Likelihood ratios provide the most useful clinical information at extreme values. An LR+ above 10 produces large, clinically meaningful increases in post-test probability across most pre-test probability levels. An LR- below 0.1 produces similarly large decreases. Tests with likelihood ratios between 0.5 and 2.0 contribute very little to diagnostic certainty regardless of the pre-test probability.
The Fagan nomogram is a graphical implementation of Bayes theorem applied to diagnostic testing. The mathematical relationship is: post-test odds = pre-test odds multiplied by likelihood ratio. The log-scaled axes of the nomogram convert this multiplication into a straight-line relationship, making the Bayesian update visually intuitive and transparent.
While sensitivity and specificity describe the intrinsic accuracy of a test, they do not directly tell clinicians how to update their probability estimate after receiving a test result. Likelihood ratios, which combine sensitivity and specificity into a single metric for each test outcome, are the bridge between test accuracy and clinical decision-making.

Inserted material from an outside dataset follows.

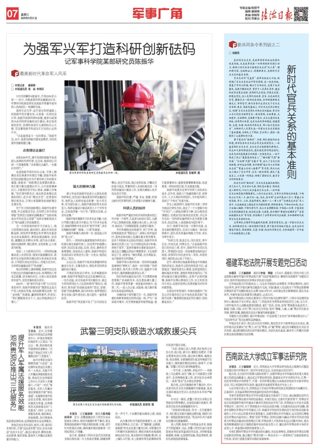 據(jù)介紹,在當(dāng)前時(shí)代背景與國(guó)際形勢(shì)下,加強(qiáng)軍事法學(xué)學(xué)科建設(shè)具有重大現(xiàn)實(shí)意義和深遠(yuǎn)戰(zhàn)略意義。通過成立軍事法研究院,搭建高水平學(xué)術(shù)研究平臺(tái),匯聚一批優(yōu)秀軍事法學(xué)科研骨干,開展一系列軍事法理論與實(shí)踐前沿性的學(xué)術(shù)教學(xué)研究活動(dòng),可以為國(guó)家和軍隊(duì)培養(yǎng)、輸送更多高素質(zhì)軍事法學(xué)專業(yè)人才。

A test that is excellent at ruling in disease (high LR+) may not be good at ruling it out (LR- close to 1), and vice versa. The Fagan nomogram displays both scenarios simultaneously, allowing clinicians to assess the full diagnostic utility of a test. The clinical question determines which direction matters most: ruling in versus ruling out.
When multiple independent tests are available, the post-test probability from the first test becomes the pre-test probability for the second test. Each sequential test result further updates the probability estimate. The Fagan nomogram can be applied iteratively in this manner, though the assumption of conditional independence between tests must hold for the sequential application to be valid.
The Fagan nomogram was introduced by Fagan (1975) as a simple graphical device for converting pre-test probability to post-test probability using likelihood ratios. It remains one of the most widely used tools in evidence-based medicine for translating the results of diagnostic accuracy studies into clinically actionable information. The underlying mathematics is Bayes theorem applied to diagnostic testing: post-test odds equal pre-test odds multiplied by the likelihood ratio. The nomogram converts this calculation into a visual straight-line operation using logarithmic scales.
In the context of diagnostic test accuracy meta-analysis, the Fagan nomogram serves as the final translational step. After pooling sensitivity and specificity across studies using bivariate or hierarchical models (Reitsma et al., 2005; Rutter and Gatsonis, 2001), researchers compute summary likelihood ratios from the pooled estimates. These summary likelihood ratios are then applied to clinically relevant pre-test probabilities using the nomogram to assess whether the test produces clinically meaningful shifts in probability. This approach is recommended in the Cochrane Handbook for Diagnostic Test Accuracy Reviews (Macaskill et al., 2023).
The positive likelihood ratio (LR+) quantifies the increase in odds of disease following a positive test result. It is calculated as sensitivity divided by (1 minus specificity), or equivalently, the true positive rate divided by the false positive rate. A high LR+ means that a positive test result is much more likely in patients with disease than in those without, producing a large upward shift on the nomogram. The negative likelihood ratio (LR-) quantifies the decrease in odds following a negative result. It equals (1 minus sensitivity) divided by specificity. A low LR- means a negative test result is much less likely in diseased patients, producing a large downward shift.
Clinicians and researchers should select pre-test probability carefully, as it fundamentally determines the clinical impact of any test result. For screening applications, the pre-test probability typically equals the disease prevalence in the screened population. For diagnostic applications, it reflects the clinician's assessment after initial history and examination. Clinical prediction rules, such as the Wells score for pulmonary embolism or the Centor score for streptococcal pharyngitis, provide validated estimates of pre-test probability that can be used directly with the nomogram.
A common pitfall in diagnostic reasoning is the base rate neglect, where clinicians anchor on test sensitivity and specificity without considering the pre-test probability. A test with 99% sensitivity and 99% specificity applied to a population with 0.1% prevalence still produces a positive predictive value of only about 9%. The Fagan nomogram makes this counterintuitive result visually obvious: the line from a very low pre-test probability through even a high likelihood ratio arrives at a surprisingly modest post-test probability.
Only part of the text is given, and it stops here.